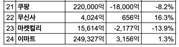 정말 마지막 덤으로, 요즘 핫한 스타트업 유니콘들인 쿠팡, 무신사, 마켓컬리 + 비교를 위한 이마트까지 매출 영업이익을 노트해놓습니다.
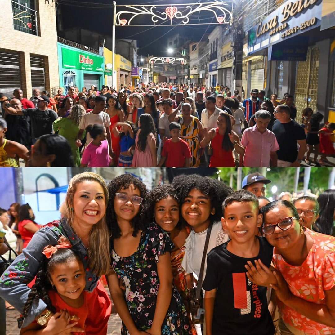 A prefeita Alessandra Gomes, acompanhada por seu esposo Ricardo Machado, assessor do governador Jerônimo Rodrigues e ex-prefeito da cidade, irradiava alegria ao lado da multidão que se uniu para celebrar essa ocasião especial.
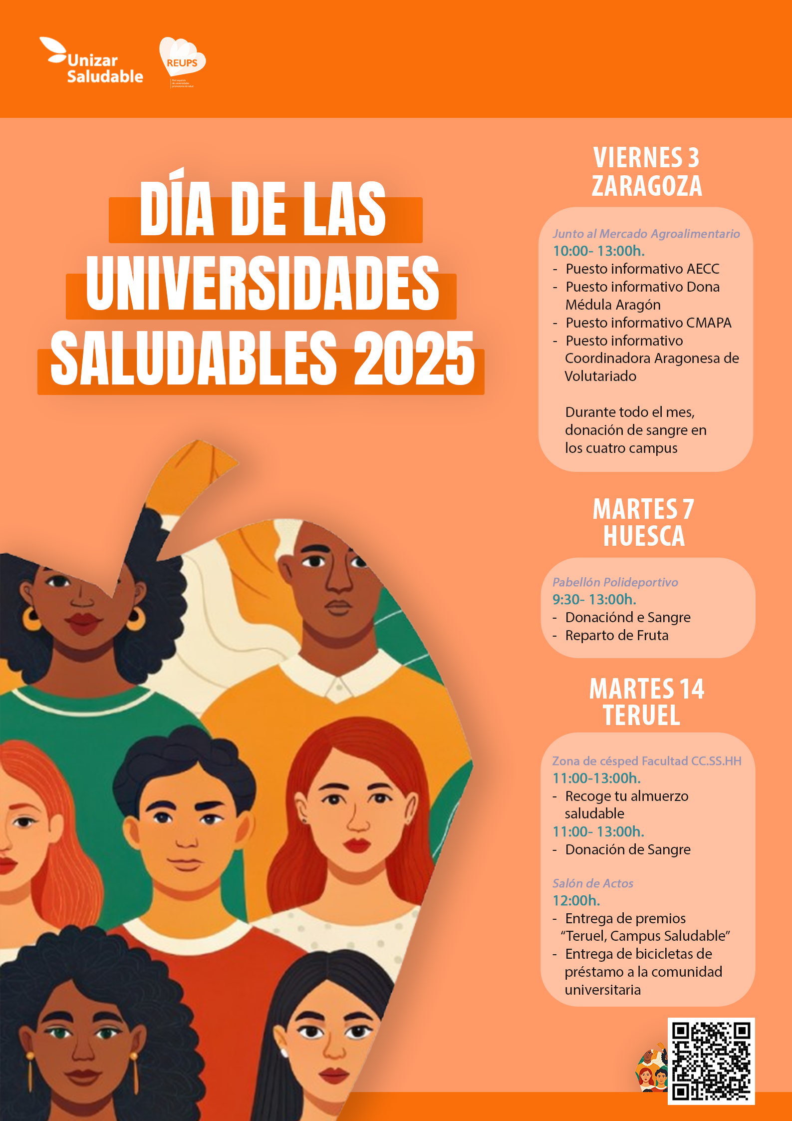 En Huesca, el día 7 de octubre se llevará a cabo una jornada de reparto de fruta y de donación de sangre, mientras que, en Teruel, el 14 de octubre, se celebrará la entrega de premios de la IX edición de “Teruel, Campus Saludable” a los mejores TFG y TFM, la entrega de bicicletas del programa de préstamo y, al igual que en Huesca, se organizará una jornada de reparto de fruta y donación de sangre.
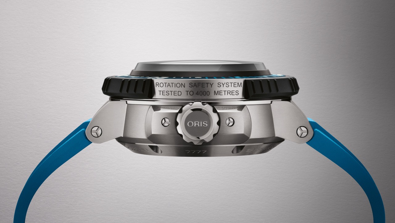 Oris AquisPro 4000m 01 400 7777 7155-Set jsou pánské automatické hodinky na modrém kaučukovém řemínku s překlápěcí sponou. Pouzdro z titanu má průměr 49,5 milimetru a jednosměrně otočnou lunetu s keramickou vložkou s potápěčskou stupnicí a Orisem patentovaným rotačním bezpečnostním systémem (Rotation Safety System - RSS) navrženým pro potápěče k uzamčení lunety, aby se zabránilo jejím náhodným úpravám během ponoru. Modrý číselník se vzorem vln a indikací data na šesté hodině je chráněn odolným safírovým sklem s antireflexní vrstvou. Ručičky, indexy a lunetu pokrývá luminiscenční nátěr Super-LumiNova®, který garantuje perfektní čitelnost za zhoršených světelných podmínek. Pohon hodinek zajišťuje mechanický manufakturní strojek Oris 400 s automatickým nátahem a nadstandardní rezervou chodu ve výši 5 dní. Strojek disponuje dvěma pérovníky a chybí mu tradiční červený rotor, čímž se kalibr 400 odlišuje od modelů značky s běžnými strojky. Kromě pětidenní rezervy chodu nabízí strojek ještě zvýšenou odolnost vůči magnetismu, čemuž napomáhají mimo jiné kotva a krokové kolo z křemíku. Oris u tohoto strojku doporučuje servisní interval 10 let, tedy dvojnásobek doporučené doby u běžných mechanických hodinek, a především strojku věří natolik, že u něj poskytuje záruku taktéž ve výši 10 let! Tento strojek s funkcí hackingu, který lze v případě potřeby natahovat i ručně pomocí signované šroubovací korunky. Vodotěsnost hodinek činí 400 ATM a jsou tak vhodnou volbou pro profesionální hlubinné potápění.
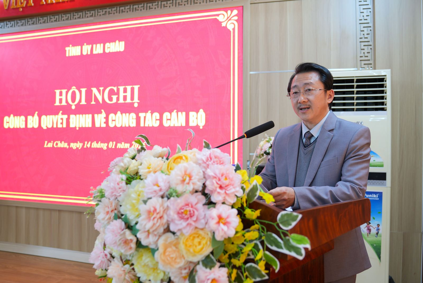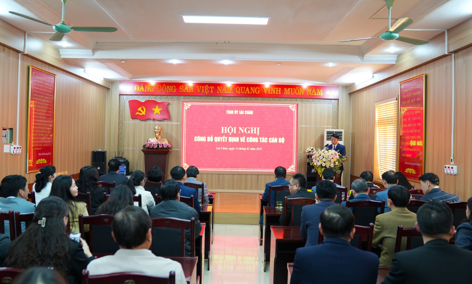 Chiều nay (14/1), Tỉnh ủy Lai Châu tổ chức Hội nghị công bố quyết định của Ban Thường vụ Tỉnh ủy về công tác cán bộ. Đồng chí Sùng A Hồ - Phó Bí thư Thường trực Tỉnh ủy, Chủ tịch Ủy ban MTTQ Việt Nam tỉnh dự, trao quyết định và giao nhiệm vụ.
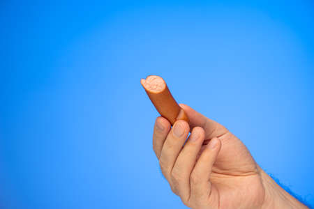 Raw Frankfurter wurst held in hand by Caucasian male hand isolated on blue background.
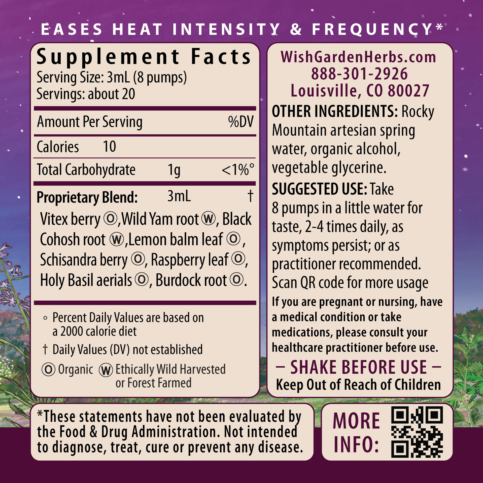 Organic Vitex berry (Vitex agnus-castus), Wild Yam root (Dioscorea villosa), Black Cohosh root (Actaea racemosa (syn. Cimicifuga racemosa)), organic Lemon Balm leaf (Melissa officinalis), organic Schisandra berry (Schisandra chinensis), organic Raspberry leaf (Rubus idaeus), organic Holy Basil (Tulsi) aerials (Ocimum spp.), organic Burdock root (Arctium lappa), Rocky Mountain artesian spring water, organic gluten-free alcohol & vegetable glycerine.

━━━━

== TASK TO CARRY OUT ==
Would you retype all the lines shown above, exactly as written and without any picture?

== YOUR SOLUTION ==
 정말 마지막 덤으로, 요즘 핫한 스타트업 유니콘들인 쿠팡, 무신사, 마켓컬리 + 비교를 위한 이마트까지 매출 영업이익을 노트해놓습니다.
 A prefeita Alessandra Gomes, acompanhada por seu esposo Ricardo Machado, assessor do governador Jerônimo Rodrigues e ex-prefeito da cidade, irradiava alegria ao lado da multidão que se uniu para celebrar essa ocasião especial.
 En Huesca, el día 7 de octubre se llevará a cabo una jornada de reparto de fruta y de donación de sangre, mientras que, en Teruel, el 14 de octubre, se celebrará la entrega de premios de la IX edición de “Teruel, Campus Saludable” a los mejores TFG y TFM, la entrega de bicicletas del programa de préstamo y, al igual que en Huesca, se organizará una jornada de reparto de fruta y donación de sangre.
 Oris AquisPro 4000m 01 400 7777 7155-Set jsou pánské automatické hodinky na modrém kaučukovém řemínku s překlápěcí sponou. Pouzdro z titanu má průměr 49,5 milimetru a jednosměrně otočnou lunetu s keramickou vložkou s potápěčskou stupnicí a Orisem patentovaným rotačním bezpečnostním systémem (Rotation Safety System - RSS) navrženým pro potápěče k uzamčení lunety, aby se zabránilo jejím náhodným úpravám během ponoru. Modrý číselník se vzorem vln a indikací data na šesté hodině je chráněn odolným safírovým sklem s antireflexní vrstvou. Ručičky, indexy a lunetu pokrývá luminiscenční nátěr Super-LumiNova®, který garantuje perfektní čitelnost za zhoršených světelných podmínek. Pohon hodinek zajišťuje mechanický manufakturní strojek Oris 400 s automatickým nátahem a nadstandardní rezervou chodu ve výši 5 dní. Strojek disponuje dvěma pérovníky a chybí mu tradiční červený rotor, čímž se kalibr 400 odlišuje od modelů značky s běžnými strojky. Kromě pětidenní rezervy chodu nabízí strojek ještě zvýšenou odolnost vůči magnetismu, čemuž napomáhají mimo jiné kotva a krokové kolo z křemíku. Oris u tohoto strojku doporučuje servisní interval 10 let, tedy dvojnásobek doporučené doby u běžných mechanických hodinek, a především strojku věří natolik, že u něj poskytuje záruku taktéž ve výši 10 let! Tento strojek s funkcí hackingu, který lze v případě potřeby natahovat i ručně pomocí signované šroubovací korunky. Vodotěsnost hodinek činí 400 ATM a jsou tak vhodnou volbou pro profesionální hlubinné potápění.
 Chiều nay (14/1), Tỉnh ủy Lai Châu tổ chức Hội nghị công bố quyết định của Ban Thường vụ Tỉnh ủy về công tác cán bộ. Đồng chí Sùng A Hồ - Phó Bí thư Thường trực Tỉnh ủy, Chủ tịch Ủy ban MTTQ Việt Nam tỉnh dự, trao quyết định và giao nhiệm vụ.
 Raw Frankfurter wurst held in hand by Caucasian male hand isolated on blue background.
 Organic Vitex berry (Vitex agnus-castus), Wild Yam root (Dioscorea villosa), Black Cohosh root (Actaea racemosa (syn. Cimicifuga racemosa)), organic Lemon Balm leaf (Melissa officinalis), organic Schisandra berry (Schisandra chinensis), organic Raspberry leaf (Rubus idaeus), organic Holy Basil (Tulsi) aerials (Ocimum spp.), organic Burdock root (Arctium lappa), Rocky Mountain artesian spring water, organic gluten-free alcohol & vegetable glycerine.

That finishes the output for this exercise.